We'll see that part of the game in Canada is the effort on the federal
government to prevent the provinces from fully extracting that
economic rent from their Crown lands for public purposes.
Surpluses
Another difference is that Canadians are much more restrained and
self-controlled than Americans, and therefore they've managed to build
up enormous surpluses. There's something called the Alberta Heritage
Fund, where instead of just blowing that money as it came in, they
squirreled it away and saved it up and it's now considered I believe
the largest single block of available capital in North America: $6-10
billion (I lost sight of the figures somewhere as they were going up).
But can imagine Howard Jarvis in Alberta with his beady eyes on the
Alberta Heritage Fund? Why, when we built up a surplus of just a few
million dollars in Sacramento Howard Jarvis climbed all over
everybody, 'We've got to cut taxes.' And that's when we got
'Proposition 13'. Saskatchewan has a Heritage Fund too, quite modest
compared with Alberta's, but worth mentioning.
Shared Rent
But the most delightful distinction about Canadians is the strong and
explicit recognition among almost everyone, even if he's an economist,
who discusses this subject, that different resource endowments are the
basis of inter-provincial differences. Equalisation in Canadian
politics means sharing the economic rent. Everybody talks that way.
Canadian economists even when they come to the States talk that way.
Just as though rent were a permissible word in polite discourse. It's
very refreshing. However there's a very selective attitude towards
rennet - towards what rents are shareable, I should say. Rents from
oil and gas are fair game. Forest revenues are fair game. Mineral
revenues of other kinds are fair game. Water power is fair game. But
now how about the rents that are generated by the valuable lands of
Montreal, or Toronto, or some of those other big and powerful cities
in the east? They are not fair game. As a matter of fact, if you pore
through the fine print of the equalization law, which I did on the
airplane, you find the most interesting exception to what's included
in the formula. I'll explain the formula to you in a moment if you are
still awake.
The formula says that the greater the capacity to raise taxes that a
provine enjoys, the less will be its equalization payment. And various
potential tax bases are included in this formula. And one of those is
the property tax. But then you look at the fine print and only the
improvements are included. The land is specifically excluded. Very
pecular. In the formula as it's commonly printed you don't see that
exclusion; it's only in the footnote. But in the footnote it says
'Instead of the value of land we will substitute the gross provincial
product.' Of course, all right thinking people know that land value is
in direct proportion to the growth of the provincial product. Or do
they? I always thought that was the product of
other inputs. What it means is that if a province has a great
deal of valuable land which is not being used to a highest and best
use, that valuable land will not be included in its potential tax
base, and it can continue to get subventions from the federal
government. Whereas on the other hand if its potential tax base
includes oil and gas, then the revenues that it receives from that, or
the ability it has to receive revenues from that, is counted against
it in the sharing formula. So this is a very peculiar sort of rent
sharing. Some rents are shared and others are not. You might even call
it a conspiracy against Alberta. I'm sure that's the way they look at
it.
Now another difference is the high degree of foreign ownership.
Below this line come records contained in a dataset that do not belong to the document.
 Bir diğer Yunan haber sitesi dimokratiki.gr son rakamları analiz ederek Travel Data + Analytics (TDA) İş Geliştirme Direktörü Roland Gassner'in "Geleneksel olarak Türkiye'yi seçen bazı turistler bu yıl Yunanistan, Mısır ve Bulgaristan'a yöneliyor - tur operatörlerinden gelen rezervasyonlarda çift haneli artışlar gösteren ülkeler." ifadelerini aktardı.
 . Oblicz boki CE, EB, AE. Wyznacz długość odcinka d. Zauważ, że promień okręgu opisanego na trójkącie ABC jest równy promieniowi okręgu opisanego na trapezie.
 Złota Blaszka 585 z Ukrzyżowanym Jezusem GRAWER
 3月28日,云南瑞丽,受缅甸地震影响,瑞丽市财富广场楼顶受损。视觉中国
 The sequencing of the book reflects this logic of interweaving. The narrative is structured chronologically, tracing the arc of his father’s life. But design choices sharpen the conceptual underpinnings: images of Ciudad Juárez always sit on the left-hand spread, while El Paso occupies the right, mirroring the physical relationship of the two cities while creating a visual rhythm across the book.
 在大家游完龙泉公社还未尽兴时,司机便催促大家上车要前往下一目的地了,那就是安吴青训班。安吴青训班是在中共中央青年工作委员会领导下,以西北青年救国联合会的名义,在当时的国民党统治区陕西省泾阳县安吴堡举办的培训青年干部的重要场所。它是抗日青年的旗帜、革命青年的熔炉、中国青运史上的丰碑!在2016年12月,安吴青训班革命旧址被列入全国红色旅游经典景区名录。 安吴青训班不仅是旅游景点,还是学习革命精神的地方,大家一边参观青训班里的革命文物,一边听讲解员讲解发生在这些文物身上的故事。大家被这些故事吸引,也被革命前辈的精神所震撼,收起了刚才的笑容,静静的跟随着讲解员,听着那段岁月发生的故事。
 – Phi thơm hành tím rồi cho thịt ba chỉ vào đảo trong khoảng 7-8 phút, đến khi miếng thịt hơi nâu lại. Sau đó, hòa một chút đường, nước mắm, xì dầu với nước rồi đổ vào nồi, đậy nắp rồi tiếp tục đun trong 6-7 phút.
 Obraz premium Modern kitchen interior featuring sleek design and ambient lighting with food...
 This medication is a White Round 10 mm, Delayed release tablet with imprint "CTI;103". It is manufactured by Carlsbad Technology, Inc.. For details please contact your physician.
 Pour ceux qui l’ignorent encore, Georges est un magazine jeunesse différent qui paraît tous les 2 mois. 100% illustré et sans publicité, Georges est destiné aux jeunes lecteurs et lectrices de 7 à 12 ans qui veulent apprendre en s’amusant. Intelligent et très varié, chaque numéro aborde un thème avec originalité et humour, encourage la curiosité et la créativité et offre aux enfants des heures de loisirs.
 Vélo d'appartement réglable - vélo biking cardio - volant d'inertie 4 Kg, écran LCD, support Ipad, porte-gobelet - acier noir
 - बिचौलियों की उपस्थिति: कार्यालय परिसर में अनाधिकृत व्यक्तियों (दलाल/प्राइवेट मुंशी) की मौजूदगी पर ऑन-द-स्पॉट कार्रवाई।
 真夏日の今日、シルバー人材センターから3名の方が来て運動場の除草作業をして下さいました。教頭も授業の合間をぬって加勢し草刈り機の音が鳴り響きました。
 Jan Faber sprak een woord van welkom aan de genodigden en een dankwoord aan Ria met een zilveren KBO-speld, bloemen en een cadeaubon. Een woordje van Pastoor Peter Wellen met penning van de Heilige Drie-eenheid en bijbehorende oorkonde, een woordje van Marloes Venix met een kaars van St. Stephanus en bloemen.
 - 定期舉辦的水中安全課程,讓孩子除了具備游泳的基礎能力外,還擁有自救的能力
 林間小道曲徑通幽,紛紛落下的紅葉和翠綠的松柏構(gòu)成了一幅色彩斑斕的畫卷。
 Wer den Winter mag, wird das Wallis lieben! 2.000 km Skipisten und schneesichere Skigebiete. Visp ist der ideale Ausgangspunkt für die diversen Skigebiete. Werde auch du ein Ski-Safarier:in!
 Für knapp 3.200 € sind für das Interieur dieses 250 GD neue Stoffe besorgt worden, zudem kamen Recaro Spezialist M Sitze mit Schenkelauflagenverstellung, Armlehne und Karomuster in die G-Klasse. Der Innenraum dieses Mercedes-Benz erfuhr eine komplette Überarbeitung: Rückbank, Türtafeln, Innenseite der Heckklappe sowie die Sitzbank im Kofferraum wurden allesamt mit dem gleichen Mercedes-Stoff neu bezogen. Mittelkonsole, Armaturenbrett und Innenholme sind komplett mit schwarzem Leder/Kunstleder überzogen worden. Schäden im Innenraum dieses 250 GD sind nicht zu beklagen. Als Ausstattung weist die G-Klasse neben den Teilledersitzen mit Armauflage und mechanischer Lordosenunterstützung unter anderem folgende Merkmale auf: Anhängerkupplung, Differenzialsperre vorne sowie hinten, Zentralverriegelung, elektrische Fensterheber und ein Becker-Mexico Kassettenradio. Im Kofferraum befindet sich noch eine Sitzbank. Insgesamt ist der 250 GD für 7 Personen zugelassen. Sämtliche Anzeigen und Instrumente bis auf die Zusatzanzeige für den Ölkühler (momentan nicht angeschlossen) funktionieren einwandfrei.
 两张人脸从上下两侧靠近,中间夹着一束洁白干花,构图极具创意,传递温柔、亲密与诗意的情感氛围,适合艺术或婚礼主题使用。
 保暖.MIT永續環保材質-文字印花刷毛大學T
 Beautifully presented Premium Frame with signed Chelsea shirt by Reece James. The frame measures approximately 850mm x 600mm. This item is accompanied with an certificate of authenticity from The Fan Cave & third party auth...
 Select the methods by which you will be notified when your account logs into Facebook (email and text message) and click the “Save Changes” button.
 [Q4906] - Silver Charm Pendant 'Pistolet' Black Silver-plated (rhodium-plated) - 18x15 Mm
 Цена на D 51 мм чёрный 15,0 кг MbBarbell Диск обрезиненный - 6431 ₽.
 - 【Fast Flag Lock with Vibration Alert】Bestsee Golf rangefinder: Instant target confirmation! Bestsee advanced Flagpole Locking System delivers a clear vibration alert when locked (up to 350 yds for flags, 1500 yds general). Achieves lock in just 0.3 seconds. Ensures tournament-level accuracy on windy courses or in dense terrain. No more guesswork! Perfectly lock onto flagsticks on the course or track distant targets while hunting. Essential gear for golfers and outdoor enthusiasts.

Actually there's no higher degree of absentee ownership in Canada than
there is in the United States but it is much more visible because it's
international absentee ownership, whereas our absentee owners live in
some other corner of the United States, at least some of them do, or
in Canada -- we have quite a few of them. Of course Hong Kong,
Belgium, you name it. This high degree of absentee ownership, as Bob
Williams more than hinted this morning, is one of the reasons for the
success of the populist parties. They recognise property ownership is
an alien phenomenon in some considerable measure and therefore a
legitimate target for attack. Some economists say that the ideal
taxpayer is a non-resident alien. In the case of these foreign owned
resources you're getting pretty close.
Sharing Formula
Now another thing about Canada is that it is a net exporter of these
resources which are being shared and, because of this, price control
is a major mechanism for sharing the rents. In short, the price of
Alberta oil is being held down below free market levels and thus that
economic rent, in part, is being shared with the consumers in the
eastern part of the country. This works out well, coupled with a
phenomenon that might be called negative dumping. (Dumping is when you
sell things overseas for less than you sell them at home.) Canada is
more rational, they sell them for more, especially in the United
States. They even have export duty on oil. Of course if United States
puts an import duty on, that's not fair.
Another characteristic is eastern population dominance. Alberta and
British Columbia have the resources of Texas and California, without
the votes, which makes them more vulnerable of course.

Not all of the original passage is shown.